Müller, die als Wehsely-Vertraute gilt, beharre auf Punkten, die niemals so vereinbart worden, sondern vom KAV angeordnet worden seien. Gemeint sind die Nachtdienstreduktionen und die Einführung der 12,5-Stunden-Schichtdienste – diese Dienste werden von den meisten Ärzten abgelehnt, weil ihrer Meinung nach unter den vielen Dienstübergaben die Patientenversorgung leidet.

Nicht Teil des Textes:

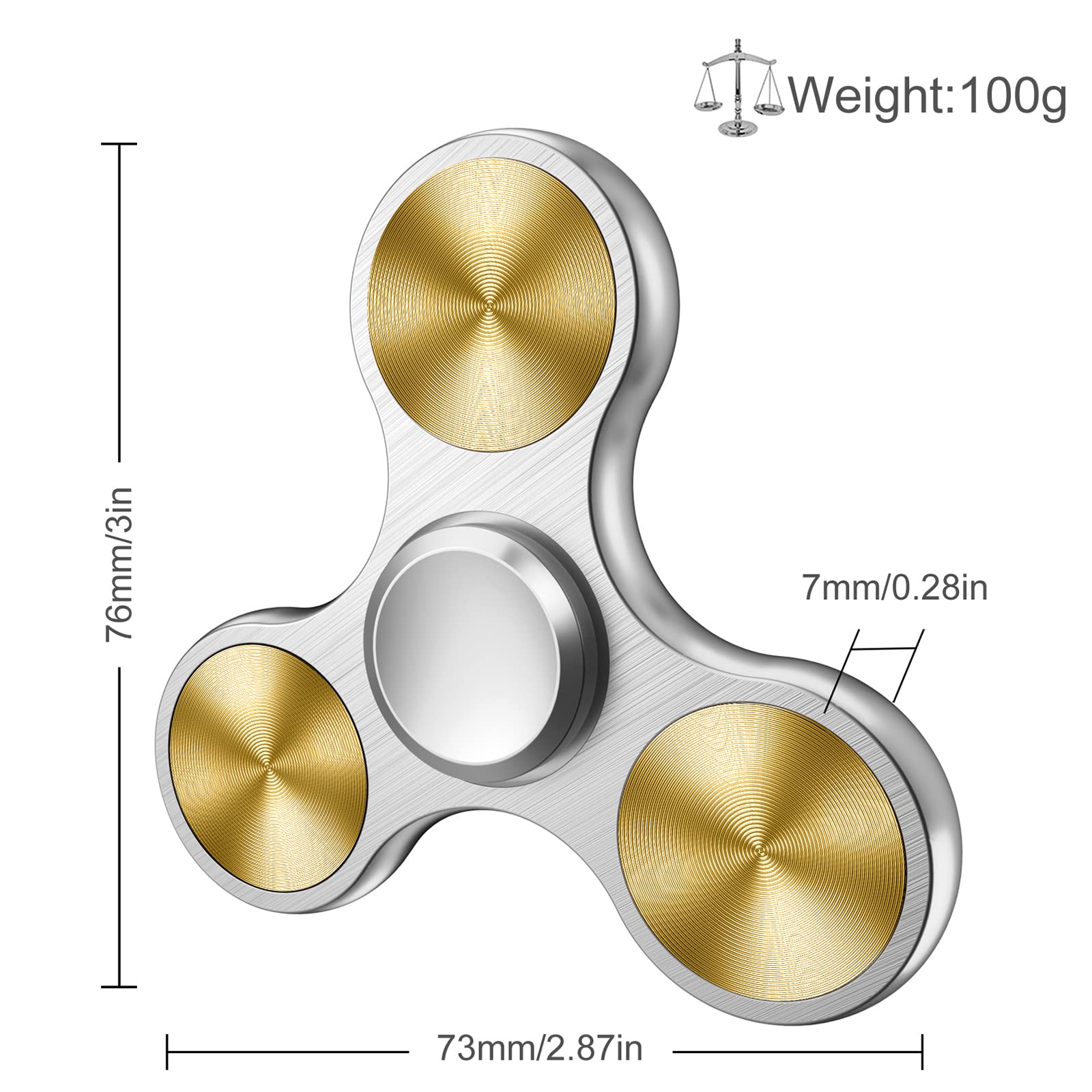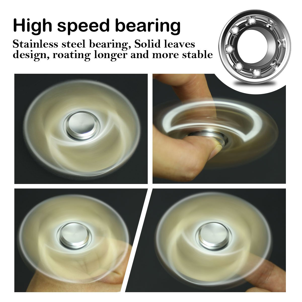 ATESSON Fidget Spinner Toy Ultra Durable Stainless Steel Bearing High Speed Precision Metal Material Hand Spinner Focus Anxiety Stress Relief Boredom Killing Time Toys Silver

Müller fiel zuletzt auch bei einem Medien-Hintergrundgespräch auf, als sie wiederholt Fragen von Journalisten beantwortete, die eigentlich an Janßen gerichtet waren.

 

„Stillschweigen vereinbart“

Der KAV wollte sich dazu auf Nachfrage nicht äußern. Man habe über die Gespräche mit den Ärztevertretern Stillschweigen vereinbart und wolle weder den Fortschritt der Verhandlungen noch die Rolle der teilnehmenden Personen kommentieren.

Sollte es bis Ende der Woche zu keiner Einigung zwischen dem KAV und den Ärzten kommen, könnte ab nächster Woche wieder gestreikt werden. Diesen Beschluss hat das fraktionsübergreifende Streikkomitee der Kammer bereits vergangene Woche gefällt.